The National Federation of the Blind (NFB), a leading organization for the blind, has established the third week in May as “White Cane Week”. During this week, a special concentration of efforts to educate the public concerning the hopes and aspirations of the blind is emphasized.
The Sequim Valley Lions Club honors this timeframe by conducting its traditional White Cane fundraiser around April and May.

Mikenny - Vento

The McKinney-Vento Act provides rights and services to children and youth experiencing homelessness, which includes those who are: sharing the housing of others due to loss of housing, economic hardship, or a similar reason; staying in motels, trailer parks, or camp grounds due to the lack of an adequate alternative; staying in shelters or transitional housing; or sleeping in cars, parks, abandoned buildings, substandard housing, or similar settings.

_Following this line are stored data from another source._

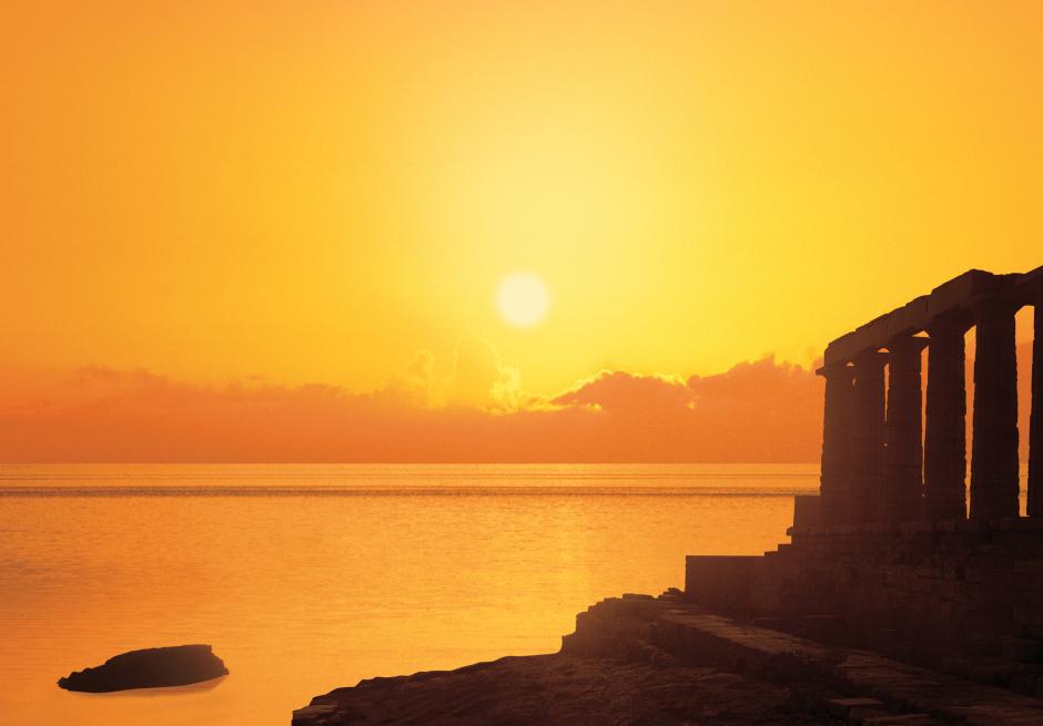 The sun sets at Cape Sounion on the Attica peninsula in Greece, the site of the ruins of the ancient Greek temple of Poseidon.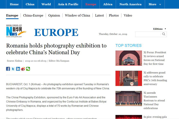 An photography exhibition opened Tuesday in Romania's western city of Cluj-Napoca to celebrate the 70th anniversary of the founding of New China.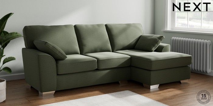 7.3.1 Buy Stamford Medium Sofa Chaise - Right Hand Relaxed Linen Look Dark Green Large Square Angle - Chrome Metal from the Next UK online shop Click here to use our accessible website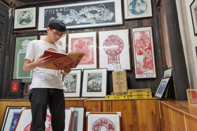 众所周知,金坛刻纸2009年入选“人类非物质文化遗产代表性名录”,成为了名副其实的世界级非遗。8月17日,朱倩老师带着学生们来到了金坛刻纸研究中心,在瞻仰了大师们的佳作之后,馆内工作人员王老师向团队成员详细讲解了刻纸的技艺特点,实践出真知,在听完老师的讲解之后,团队成员悉心体验了两天刻纸技艺,在反复的练习和摸索中,学生们逐渐掌握了一些技巧,比如:刀口不宜过长;刀口与纸的角度要尽量小;施力要慢且均匀等。在实践中,学生们感受到了传统艺术的魅力,并从自己的实践作品中获得了满满的成就感。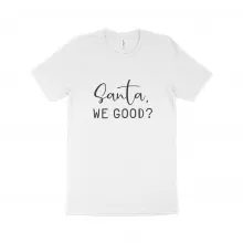 Use our battle tested marketing materials for Santa, We Good? Unisex Jersey T-Shirt Made in USA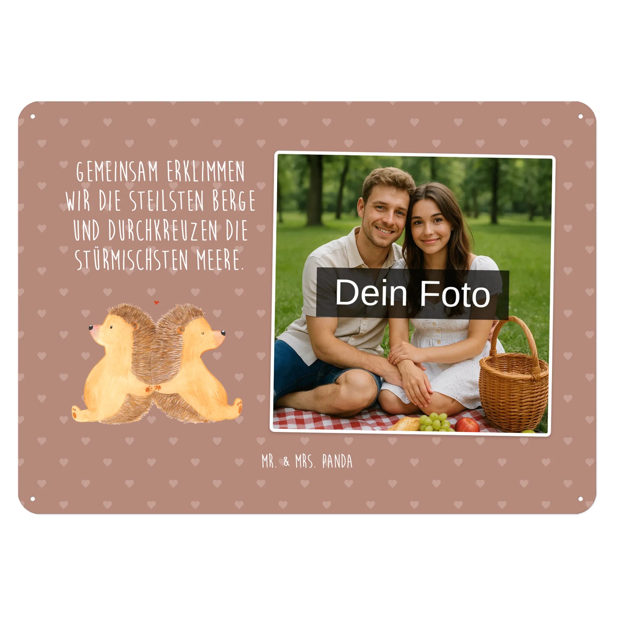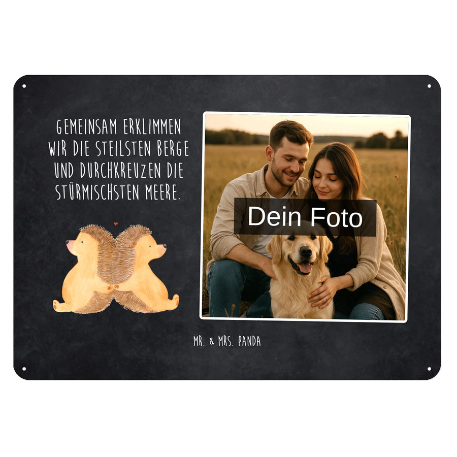 Personalized Photo Metal Sign Hedgehogs holding hands - DIN A6 - Chalkboard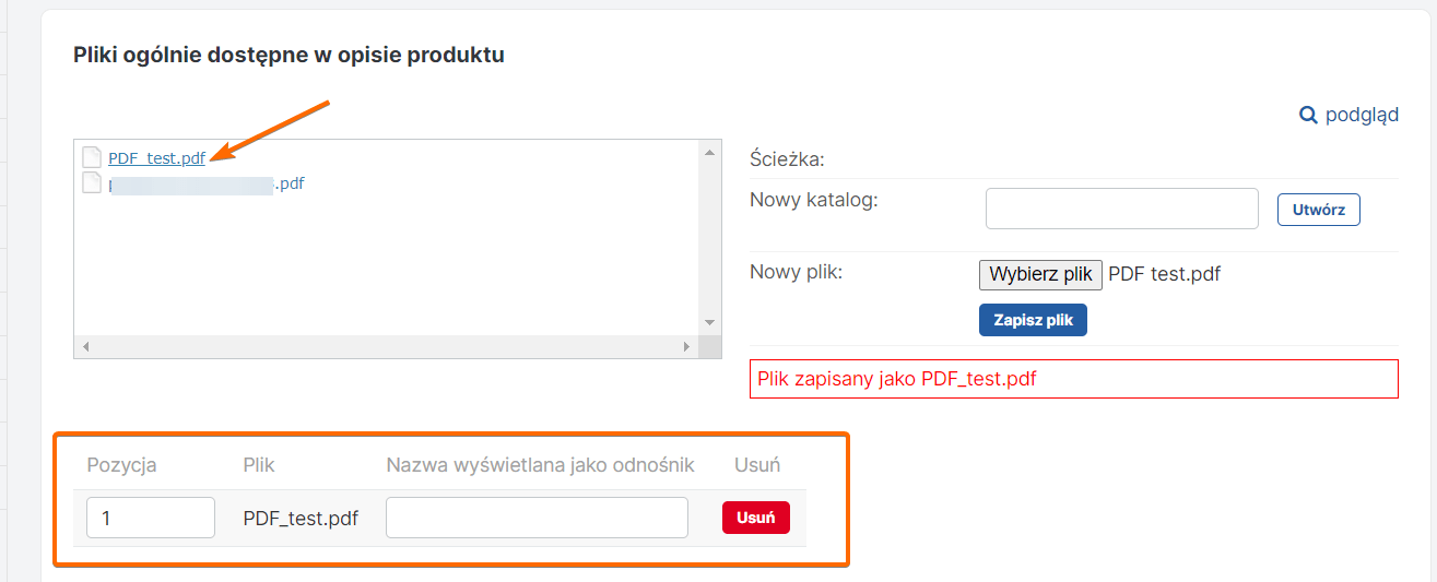 Po kliknięciu w plik pojawi się nowa pozycja – w miejscu ’Nazwa wyświetlana jako odnośnik’ wpisz nazwę pod którą plik będzie wyświetlany na karcie produktu:
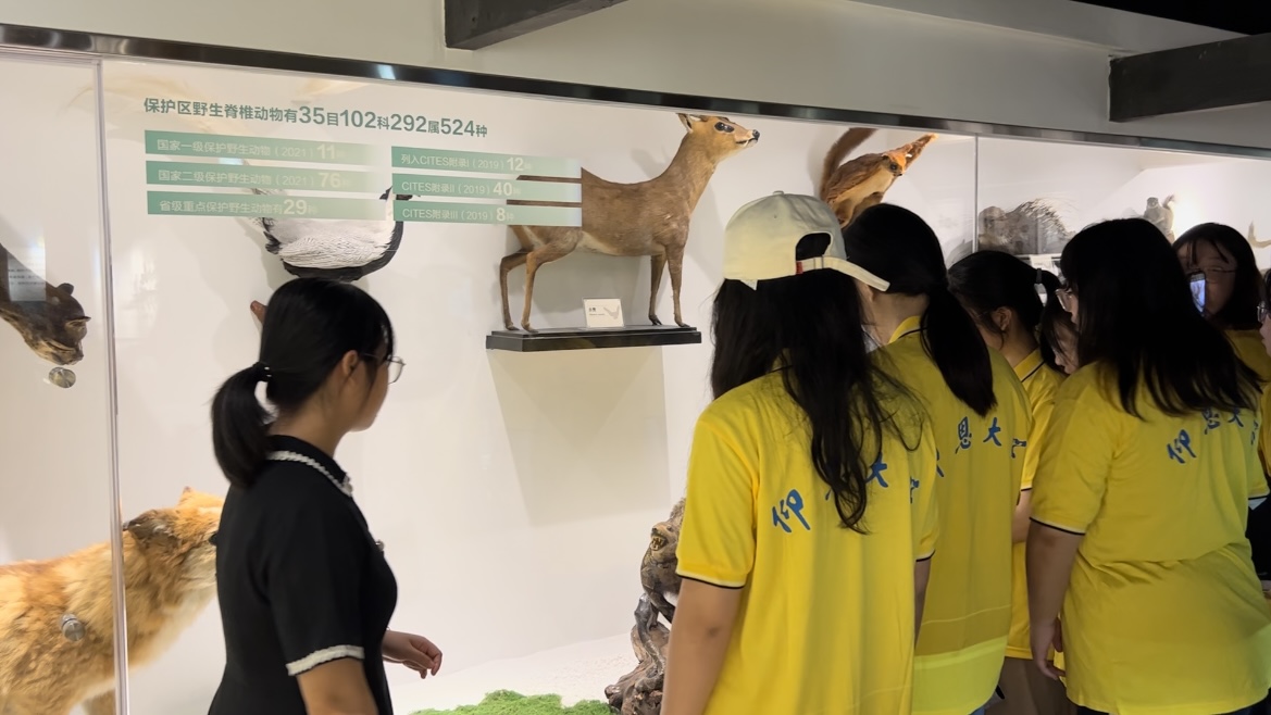 当日,队员们走进保护区,切身感受自然保护区内的森林环境,大家学习了植物的识别,认识了各种各样的蕨类植物。随后,队员们来到天宝岩博物馆进行学习。在展馆内,随着博物馆讲解员的讲解,我们了解到天宝岩内植物、动物、昆虫还有植被的种类,以及天宝岩管理局是如何保护天宝岩自然保护区的。展馆内陈列一比一还原的动植物标本。

The Sequim Valley Lions Club supports the Care Closet in the Sequim School district admistration Building. Disributing clothing and personal hygiene products to the students in need.

School Health Screening

Sequim Valley lions Club performs vision and audio screening in our elementary and middle schools.

We recieved a multi- club grant from Lions International to purchase the equipment and work with the other five clubes to screen all of the schools in our zone

"Let's Be Frank" Hot Dog Wagon

Sequim Valley Lions Club has a Hot Dog Wagon as a fundraisor.

Our events are The Sunshine Festival, Sequim Irrigation Festival, Sequim Logging Show, Air Affair Fly-in and car show, and we can be found at The James Centerr for the arts on Tuesdays during the Music in the park series.

Sequim Food Bank

Sequim Valley Lions works with the sequim Food Bank.

On Mondays we stock the bread room and on Fridays we have five lions that work in the drive thru food Bank.

We also work on the Thanksgiving and Christmas Drive thru's that distribute over 800 holiday meals.

Sequim Downtown Merchants Halloween Candy Give-a-way.

Each Halloweenwe dress up and hand out cany at the merchant give-a-way. This provides a safe and fun event for ou kids, young or old. We normally give out over 1000 bags of candy.